_Work instructions:_
All pictures are to be dropped, and everything else in the data duplicated exactly.

####################

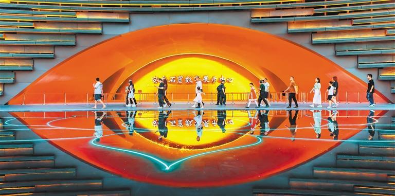 ▲5月1日,四川省资阳市安岳县石窟数字展示中心,市民在休闲游玩。
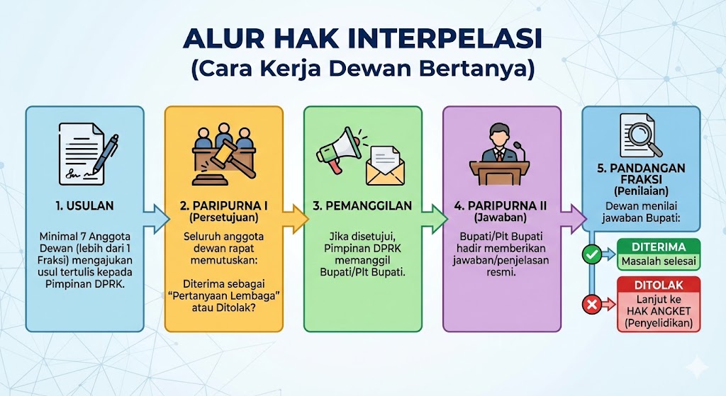 Mengacu pada Undang-Undang Nomor 23 Tahun 2014 tentang Pemerintahan Daerah, Hak Interpelasi sejatinya sangat sederhana. Ia adalah hak DPRK untuk meminta keterangan kepada Kepala Daerah mengenai kebijakan yang “penting, strategis, dan berdampak luas”.
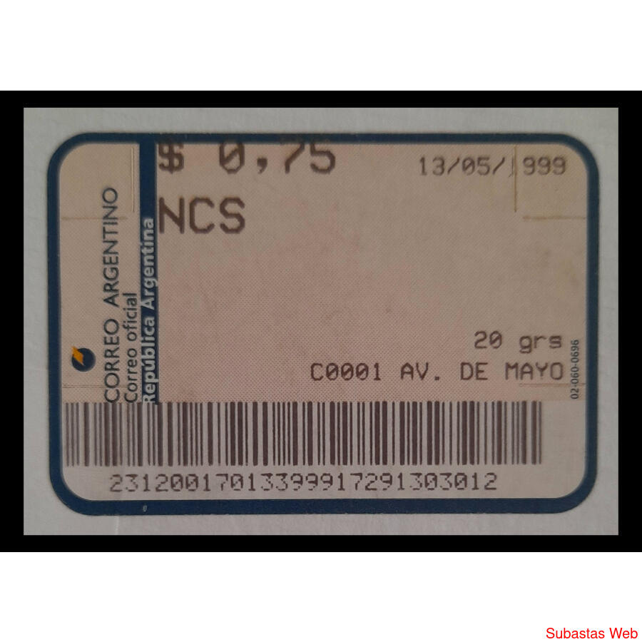 LA SEGUNDA LABEL QUE EMITIÓ EL CORREO ARGENTINO y LA MÁS DIFÍCIL DE ENCONTRAR. CIRCULADA EN MAGNIFICO SOBRE DE ****LA EMBAJADA DE ARMENIA EN ARGENTINA**** EN BUENOS AIRES CON VALOR DE 0.75 centavos (SIMPLE) EL 13 DE MAYO DE 1999.
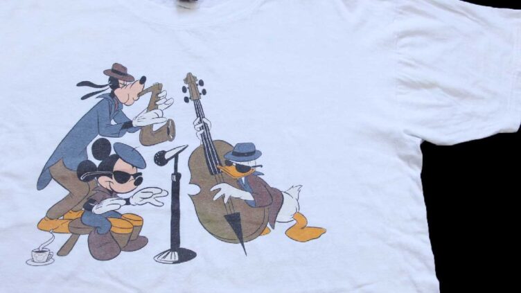 Sixpacjoe00s DISNEYディズニー ミッキー マウス ドナルドダック グーフィー 両面プリント コットンTシャツ 白
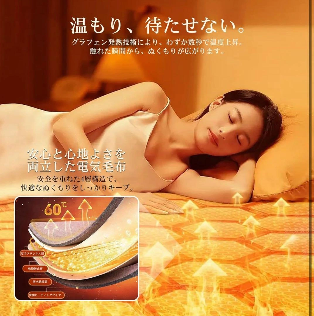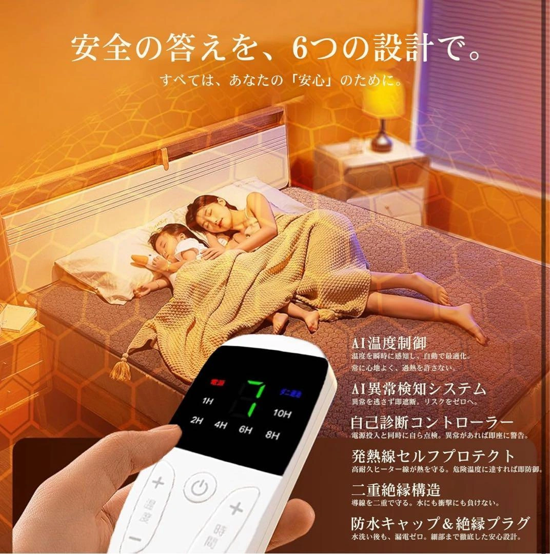 ご覧頂きありがとうございます。 AI自適応恒温制御で快適かつ安全にご利用いただけます。最新のAIシステムが毛布全体の温度を常時監視し、自動的に最適化することで局部的な高温や過度な加熱を防止します。 6段階温度調整と10段階タイマー、自動オフ機能付き。温度は38~50℃の範囲で6段階から選べ、タイマーは1時間ごとに1~10時間の設定が可能です。 6重安全防護システム。 コントローラーを取り外して丸洗い可能です。ダニ退治や消臭にも効果的です。 ご希望の方はお気軽にご連絡ください。
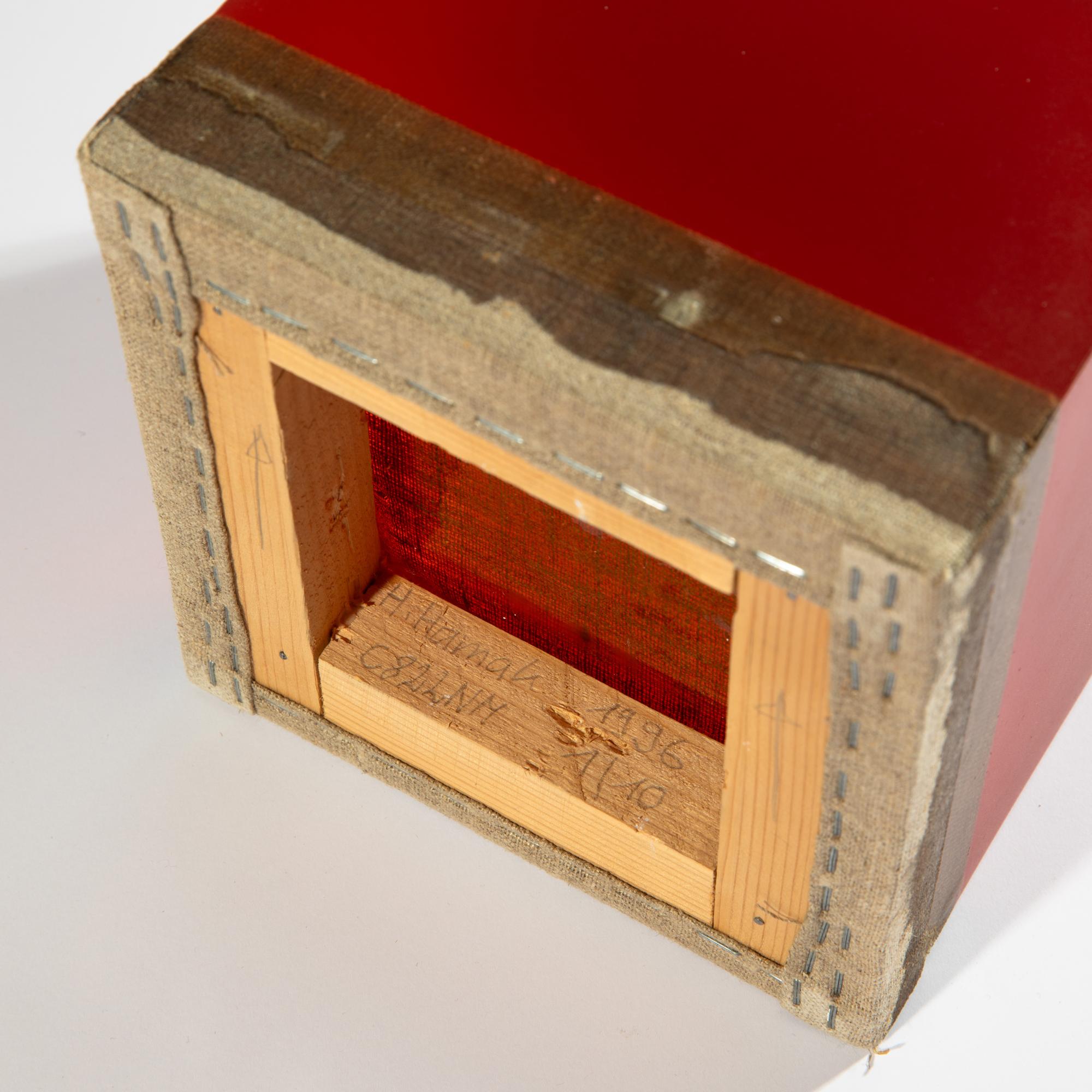 Wandskulptur. Mischtechnik (Harz & Pigmente) auf Leinwand. 21,7 x 18 x 18 cm. Unterseitig im Holzsockel signiert, datiert und bezeichnet: H.Hamak / 1996 / C822NM / 1 /10.

####################

_Response to the exercise:_
 ▲5月1日,四川省资阳市安岳县石窟数字展示中心,市民在休闲游玩。
 Mengacu pada Undang-Undang Nomor 23 Tahun 2014 tentang Pemerintahan Daerah, Hak Interpelasi sejatinya sangat sederhana. Ia adalah hak DPRK untuk meminta keterangan kepada Kepala Daerah mengenai kebijakan yang “penting, strategis, dan berdampak luas”.
 LA SEGUNDA LABEL QUE EMITIÓ EL CORREO ARGENTINO y LA MÁS DIFÍCIL DE ENCONTRAR. CIRCULADA EN MAGNIFICO SOBRE DE ****LA EMBAJADA DE ARMENIA EN ARGENTINA**** EN BUENOS AIRES CON VALOR DE 0.75 centavos (SIMPLE) EL 13 DE MAYO DE 1999.
 Sixpacjoe00s DISNEYディズニー ミッキー マウス ドナルドダック グーフィー 両面プリント コットンTシャツ 白
 ご覧頂きありがとうございます。 AI自適応恒温制御で快適かつ安全にご利用いただけます。最新のAIシステムが毛布全体の温度を常時監視し、自動的に最適化することで局部的な高温や過度な加熱を防止します。 6段階温度調整と10段階タイマー、自動オフ機能付き。温度は38~50℃の範囲で6段階から選べ、タイマーは1時間ごとに1~10時間の設定が可能です。 6重安全防護システム。 コントローラーを取り外して丸洗い可能です。ダニ退治や消臭にも効果的です。 ご希望の方はお気軽にご連絡ください。
 Wandskulptur. Mischtechnik (Harz & Pigmente) auf Leinwand. 21,7 x 18 x 18 cm. Unterseitig im Holzsockel signiert, datiert und bezeichnet: H.Hamak / 1996 / C822NM / 1 /10.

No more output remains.